= Beginning of Section =

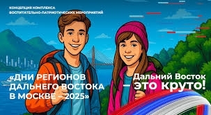 «Дни регионов Дальнего Востока в Москве» – это фестиваль, в рамках которого в разных частях Москвы пройдут культурно-выставочные и деловые мероприятия. Фестиваль направлен на повышение интереса молодёжи к развитию культурных и профессиональных возможностей в регионах Дальнего Востока.
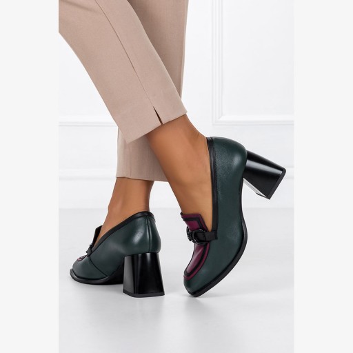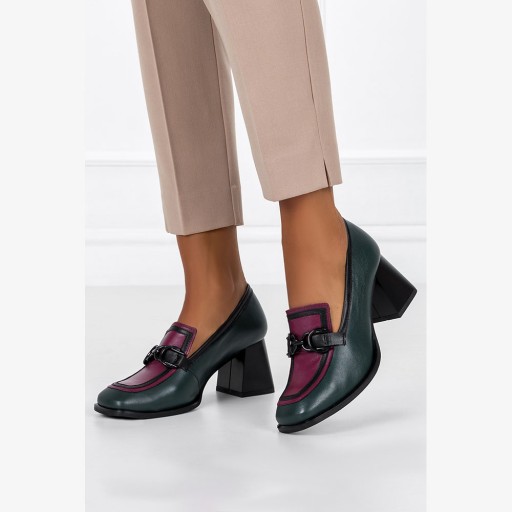 Zielone mokasyny damskie model 2637 zostały wyprodukowane w Polsce z najlepszych gatunków skór. Ręczne wykonanie butów gwarantuje doskonałą jakość, wygodę i dopasowanie do stopy. Wnętrze obuwia zostało wytworzone z wysokiej jakości skóry, która zapewnia maksymalny komfort użytkowania. Zielone mokasyny – klasyka w nowoczesnym wydaniu. Prezentujemy naszą najnowszą propozycję na Casu – mokasyny, które idealnie wpisują się w aktualne trendy modowe. Co wyróżnia nasze mokasyny na tle innych? Przede wszystkim obcas klocek. Dzięki niemu nie tylko zyskujesz na wysokości, ale także zapewniasz sobie komfort chodzenia przez cały dzień. Nie można przejść obojętnie obok bordowego przodu ozdobionego subtelną sprzączką. Ten detal dodaje im elegancji, ale jednocześnie zachowuje nieformalny charakter typowy dla mokasynów. Sprzączka to drobny, ale wyraźny akcent, który przyciąga wzrok i podkreśla indywidualny styl właścicielki. Czubek kwadratowy to kolejny atut tych butów. Nie tylko dodaje im charakteru, ale także gwarantuje większy komfort dla stóp. Jeśli masz szerszą stopę lub po prostu cenisz sobie wygodę, nasze mokasyny będą dla Ciebie idealne. Zielony kolor to uniwersalność, która pasuje do wielu stylizacji. Chociaż mokasyny kojarzone są głównie z luźniejszymi, codziennymi zestawami, te doskonale sprawdzą się także w bardziej formalnych okolicznościach. Dzięki nim poczujesz się pewnie i stylowo w każdej sytuacji. Zapraszamy do zakupu i przekonania się na własne stopy, jak wyjątkowe są nasze zielone mokasyny. Dla kobiet, które cenią klasykę połączoną z nowoczesnymi trendami, będzie to strzał w dziesiątkę!
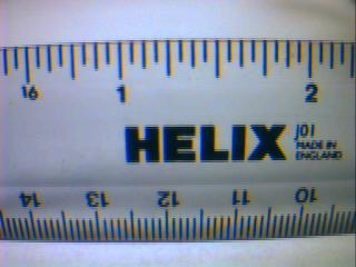 Second, on the bottom of the ruler, we get color aliasing due to the spacing of the R, G, and B sensors on the camera's CCD array. This may be difficult to fix in software. We can compensate for this by putting the camera slightly out of focus, or by moving the object closer until the features appear large enough that they don't alias (Like the word "HELIX").

= End of Section =

Problem requirements | When a picture appears in the material, please pass over it while retyping the rest exactly.

Result of this exercise |
 «Дни регионов Дальнего Востока в Москве» – это фестиваль, в рамках которого в разных частях Москвы пройдут культурно-выставочные и деловые мероприятия. Фестиваль направлен на повышение интереса молодёжи к развитию культурных и профессиональных возможностей в регионах Дальнего Востока.
 Zielone mokasyny damskie model 2637 zostały wyprodukowane w Polsce z najlepszych gatunków skór. Ręczne wykonanie butów gwarantuje doskonałą jakość, wygodę i dopasowanie do stopy. Wnętrze obuwia zostało wytworzone z wysokiej jakości skóry, która zapewnia maksymalny komfort użytkowania. Zielone mokasyny – klasyka w nowoczesnym wydaniu. Prezentujemy naszą najnowszą propozycję na Casu – mokasyny, które idealnie wpisują się w aktualne trendy modowe. Co wyróżnia nasze mokasyny na tle innych? Przede wszystkim obcas klocek. Dzięki niemu nie tylko zyskujesz na wysokości, ale także zapewniasz sobie komfort chodzenia przez cały dzień. Nie można przejść obojętnie obok bordowego przodu ozdobionego subtelną sprzączką. Ten detal dodaje im elegancji, ale jednocześnie zachowuje nieformalny charakter typowy dla mokasynów. Sprzączka to drobny, ale wyraźny akcent, który przyciąga wzrok i podkreśla indywidualny styl właścicielki. Czubek kwadratowy to kolejny atut tych butów. Nie tylko dodaje im charakteru, ale także gwarantuje większy komfort dla stóp. Jeśli masz szerszą stopę lub po prostu cenisz sobie wygodę, nasze mokasyny będą dla Ciebie idealne. Zielony kolor to uniwersalność, która pasuje do wielu stylizacji. Chociaż mokasyny kojarzone są głównie z luźniejszymi, codziennymi zestawami, te doskonale sprawdzą się także w bardziej formalnych okolicznościach. Dzięki nim poczujesz się pewnie i stylowo w każdej sytuacji. Zapraszamy do zakupu i przekonania się na własne stopy, jak wyjątkowe są nasze zielone mokasyny. Dla kobiet, które cenią klasykę połączoną z nowoczesnymi trendami, będzie to strzał w dziesiątkę!
 Second, on the bottom of the ruler, we get color aliasing due to the spacing of the R, G, and B sensors on the camera's CCD array. This may be difficult to fix in software. We can compensate for this by putting the camera slightly out of focus, or by moving the object closer until the features appear large enough that they don't alias (Like the word "HELIX").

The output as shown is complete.